I struggle to understand how type declarations work... Like these ones for example:

t :: (a -> b) -> (b -> c) -> a -> c

s :: (a -> b -> c) -> (a -> b) -> a -> c

I know from just trying different things that the correct functions would look like this:

t :: (a -> b) -> (b -> c) -> a -> c 
t f g x = g (f x)

s :: (a -> b -> c) -> (a -> b) -> a -> c 
s f g x = f x (g x)

But how does this work? Why are the brackets at the end? Why is it not

t f g x = (f x) g

or

s f g x = (f x) g x 

Im so lost

CodePudding user response：

For the first example:

t :: (a -> b) -> (b -> c) -> a -> c

In a type declaration, the type1 -> type2 pattern indicates a function from type1 to type2. In type declarations, the -> operator is right-associative, so this is parsed as:

t :: (a -> b) -> ((b -> c) -> (a -> c))

This kind of construction is called "currying": providing the first argument (type a -> b) yields a function which accepts the second argument (type b -> c) which yields a function which accepts the third argument (type a).
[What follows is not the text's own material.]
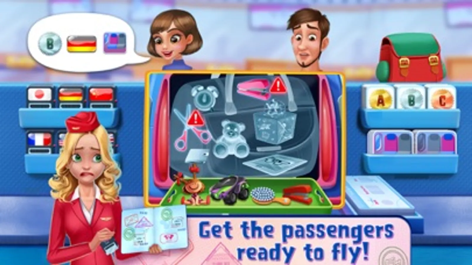 > Help the travelers check in, and attend to the passengers on the plane!
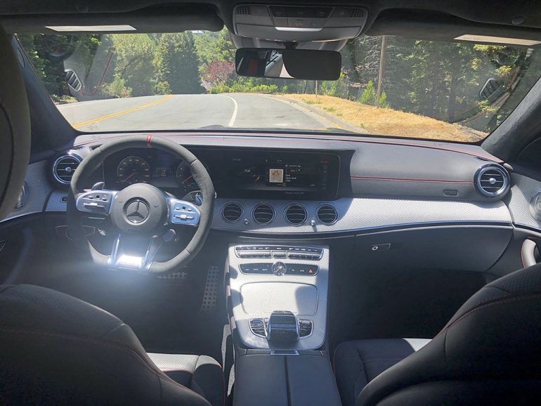 Let’s start with the motor, an ‘AMG-enhanced’ three-liter turbocharged inline 6-cylinder delivering a healthy 429 horsepower and 384 lb-ft of torque, while managing a commendable 24 mpg on average. It doesn’t pin you back in the seat like an AMG V8, but the lightning-fast Speedshift 9-speed transmission and 4Matic drivetrain are both optimized for quick acceleration and do a stellar job backing up this smooth, straight-six from 0-60 mph in just over 4 seconds. Like all AMG Mercedes offerings in this middle range (35, 43, and 53 models), The AMG Dynamic Select is key to making the car really come alive. Selecting ‘Sport’ for a more spirited response and ‘Sport +’ when you want to be on the edge, both make driving so much more fun than leaving it in the default ‘Comfort’ mode. No matter what mode you do choose, there are still settings to tweak suspension stiffness, steering, transmission & engine aggressiveness, and to open or close the exhaust baffles a bit. Speaking of exhaust sound, the E53 optional Performance Exhaust System has a unique howl that really grew on me. It’s obviously less throaty than E63 big brother, but (call me crazy) it also sounds just a bit more like an F1 car.

The function declaration syntax is set up to do this automatically. The first two arguments are functions and the third is just a, so start with names that reflect that: f :: a -> b and g :: b -> c are functions, while x :: a is a fully generic type which could be anything.

t f g x = ...

Note that function application in Haskell is just concatenation: to apply function f to value x, just use f x. This syntax is left-associative, so t f g x is parsed as (((t f) g) x) to match the currying construction described above.

Anyway, given these types, you don't have much choice in how to put them together:

• the only thing you know about the type a is that it's the type of x, and the argument type of f, so the only thing you can do with them is to apply the function to the value: f x.

• the only thing you know about the type b is that it's the result type of f and the argument type of g, so the only thing you can do is apply g (f x).

• the only thing you know about the type c is that it's the result type of g and of the overall function t, so the only thing t can return is g (f x).

The reason you can't do (f x) g is that the types don't match:

f :: a -> b
x :: a
(f x) :: b

g :: b -> c

So, you can apply g :: b -> c to (f x) :: b to get a result of type c. But not the other way around, because b might not even be a function type.